I'll let people think about why this works.
Good thinking, thatr man. I like.

Harold, I presume this is good?

Actually - I've thought of a possible glitch... what if the switch is on to begin with and the leader, unbeknownst to him, is the first person into the switch room? He can;t, in any case, wait for 45 flips, because after a while the switch will be stuck in the off position and he wouldn't know for sure for which reason. No?

44. That's the reason the nonleaders turn it off twice and why the leader counts to 44. The only way he can switch A off without it having been turned on by another prisoner is if he is the first guy in the room and A is on. So the nonleaders must have turned A on at least 43 times by the time he counts 44. Is it possible for one of the 22 nonleaders to not have turned A on if A has been turned on 43 times?
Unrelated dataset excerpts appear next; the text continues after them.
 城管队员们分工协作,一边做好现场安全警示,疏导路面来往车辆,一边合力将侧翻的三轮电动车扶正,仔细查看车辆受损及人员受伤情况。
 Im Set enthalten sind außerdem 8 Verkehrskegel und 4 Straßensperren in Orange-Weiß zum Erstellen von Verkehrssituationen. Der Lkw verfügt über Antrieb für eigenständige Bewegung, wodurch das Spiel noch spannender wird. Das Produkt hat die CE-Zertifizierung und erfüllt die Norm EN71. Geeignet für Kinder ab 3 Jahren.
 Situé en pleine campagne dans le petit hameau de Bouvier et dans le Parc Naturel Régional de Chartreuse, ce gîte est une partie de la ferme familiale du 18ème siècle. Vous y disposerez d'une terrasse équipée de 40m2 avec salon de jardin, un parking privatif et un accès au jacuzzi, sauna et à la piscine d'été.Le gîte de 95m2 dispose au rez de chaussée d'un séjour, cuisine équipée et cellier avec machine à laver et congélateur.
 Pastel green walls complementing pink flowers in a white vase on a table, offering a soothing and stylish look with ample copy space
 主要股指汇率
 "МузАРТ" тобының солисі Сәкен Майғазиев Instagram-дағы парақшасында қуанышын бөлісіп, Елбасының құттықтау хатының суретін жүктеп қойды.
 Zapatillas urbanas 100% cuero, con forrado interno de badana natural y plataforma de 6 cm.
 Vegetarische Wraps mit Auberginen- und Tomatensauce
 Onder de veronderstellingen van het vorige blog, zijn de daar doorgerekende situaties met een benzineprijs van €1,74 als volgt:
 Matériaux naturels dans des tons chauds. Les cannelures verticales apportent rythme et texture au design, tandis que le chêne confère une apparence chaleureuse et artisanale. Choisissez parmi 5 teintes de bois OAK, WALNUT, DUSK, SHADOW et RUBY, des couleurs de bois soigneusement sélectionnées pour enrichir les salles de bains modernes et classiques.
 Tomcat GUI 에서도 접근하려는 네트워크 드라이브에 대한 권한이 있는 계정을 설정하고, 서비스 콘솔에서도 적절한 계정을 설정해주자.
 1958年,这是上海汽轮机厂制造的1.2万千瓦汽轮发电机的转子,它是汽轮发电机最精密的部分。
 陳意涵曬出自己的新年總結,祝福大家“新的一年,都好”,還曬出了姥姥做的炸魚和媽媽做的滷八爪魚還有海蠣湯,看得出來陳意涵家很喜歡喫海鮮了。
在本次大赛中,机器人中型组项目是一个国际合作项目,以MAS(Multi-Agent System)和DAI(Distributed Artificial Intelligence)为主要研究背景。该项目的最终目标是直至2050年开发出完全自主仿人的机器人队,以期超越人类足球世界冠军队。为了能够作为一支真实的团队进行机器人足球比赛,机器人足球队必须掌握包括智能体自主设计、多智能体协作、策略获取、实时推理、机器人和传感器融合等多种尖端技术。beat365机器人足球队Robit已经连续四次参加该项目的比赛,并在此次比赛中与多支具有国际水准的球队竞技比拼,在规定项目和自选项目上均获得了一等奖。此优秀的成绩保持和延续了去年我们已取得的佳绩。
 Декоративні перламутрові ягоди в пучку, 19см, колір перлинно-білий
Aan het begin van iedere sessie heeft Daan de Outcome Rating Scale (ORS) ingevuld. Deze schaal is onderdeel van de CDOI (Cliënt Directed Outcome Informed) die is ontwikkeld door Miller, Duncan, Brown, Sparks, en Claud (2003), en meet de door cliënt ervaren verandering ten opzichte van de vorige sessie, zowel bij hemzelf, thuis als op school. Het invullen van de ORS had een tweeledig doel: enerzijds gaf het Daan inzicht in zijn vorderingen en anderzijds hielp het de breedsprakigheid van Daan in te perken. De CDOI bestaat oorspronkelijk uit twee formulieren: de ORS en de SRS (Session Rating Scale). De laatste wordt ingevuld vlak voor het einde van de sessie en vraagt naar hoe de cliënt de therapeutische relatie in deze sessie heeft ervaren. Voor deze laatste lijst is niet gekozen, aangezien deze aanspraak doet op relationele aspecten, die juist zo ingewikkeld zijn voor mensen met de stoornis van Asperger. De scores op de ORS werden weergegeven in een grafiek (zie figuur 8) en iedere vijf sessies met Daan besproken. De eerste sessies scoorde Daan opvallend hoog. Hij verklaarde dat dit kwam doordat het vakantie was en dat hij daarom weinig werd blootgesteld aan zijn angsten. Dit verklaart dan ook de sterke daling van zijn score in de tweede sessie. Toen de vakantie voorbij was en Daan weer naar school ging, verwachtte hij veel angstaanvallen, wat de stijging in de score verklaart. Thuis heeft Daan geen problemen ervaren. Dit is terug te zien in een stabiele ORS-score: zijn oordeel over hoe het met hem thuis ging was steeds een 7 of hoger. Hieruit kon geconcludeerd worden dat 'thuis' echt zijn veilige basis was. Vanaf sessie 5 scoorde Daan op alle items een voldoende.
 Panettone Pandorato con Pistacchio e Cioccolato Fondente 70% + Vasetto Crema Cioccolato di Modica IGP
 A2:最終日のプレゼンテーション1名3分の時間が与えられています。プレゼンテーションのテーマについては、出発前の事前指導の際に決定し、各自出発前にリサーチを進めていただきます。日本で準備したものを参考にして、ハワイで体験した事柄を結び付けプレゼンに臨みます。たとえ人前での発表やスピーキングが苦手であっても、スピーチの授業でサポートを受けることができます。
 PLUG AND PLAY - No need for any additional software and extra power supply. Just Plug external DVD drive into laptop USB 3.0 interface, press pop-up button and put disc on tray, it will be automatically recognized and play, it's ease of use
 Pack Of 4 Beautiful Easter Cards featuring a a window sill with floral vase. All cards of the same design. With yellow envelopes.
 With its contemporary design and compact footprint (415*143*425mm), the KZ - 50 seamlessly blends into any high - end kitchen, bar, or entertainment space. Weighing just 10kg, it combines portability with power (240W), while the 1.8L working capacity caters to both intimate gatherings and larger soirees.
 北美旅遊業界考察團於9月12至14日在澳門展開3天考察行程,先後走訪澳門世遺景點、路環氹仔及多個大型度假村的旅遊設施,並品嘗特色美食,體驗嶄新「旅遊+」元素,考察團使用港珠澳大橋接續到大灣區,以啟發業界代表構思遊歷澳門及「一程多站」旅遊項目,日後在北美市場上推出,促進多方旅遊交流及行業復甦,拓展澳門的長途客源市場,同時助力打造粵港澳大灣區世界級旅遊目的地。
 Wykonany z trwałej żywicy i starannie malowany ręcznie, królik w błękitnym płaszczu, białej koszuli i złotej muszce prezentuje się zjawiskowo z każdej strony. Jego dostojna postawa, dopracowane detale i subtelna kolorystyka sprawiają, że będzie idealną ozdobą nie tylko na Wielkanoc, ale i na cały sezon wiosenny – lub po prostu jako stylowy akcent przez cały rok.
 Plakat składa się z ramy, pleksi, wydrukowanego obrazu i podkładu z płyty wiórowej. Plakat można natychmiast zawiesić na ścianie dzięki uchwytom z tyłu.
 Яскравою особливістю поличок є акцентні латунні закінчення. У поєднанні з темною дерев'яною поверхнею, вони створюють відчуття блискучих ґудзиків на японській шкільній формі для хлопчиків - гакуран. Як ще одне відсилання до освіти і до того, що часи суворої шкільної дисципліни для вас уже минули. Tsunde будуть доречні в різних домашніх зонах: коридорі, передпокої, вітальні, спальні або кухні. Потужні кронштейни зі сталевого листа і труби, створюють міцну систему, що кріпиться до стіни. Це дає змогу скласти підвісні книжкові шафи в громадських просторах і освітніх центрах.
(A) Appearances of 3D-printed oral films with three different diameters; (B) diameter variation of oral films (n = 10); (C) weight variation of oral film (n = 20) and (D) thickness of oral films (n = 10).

45. Originally Posted by serpicojr
That's the reason the nonleaders turn it off twice and why the leader counts to 44. The only way he can switch A off without it having been turned on by another prisoner is if he is the first guy in the room and A is on. So the nonleaders must have turned A on at least 43 times by the time he counts 44. Is it possible for one of the 22 nonleaders to not have turned A on if A has been turned on 43 times?
No. Got it.

46. Originally Posted by KALSTER
Ok. I don't see any way that the prisoners could get out in a relatively short time. :?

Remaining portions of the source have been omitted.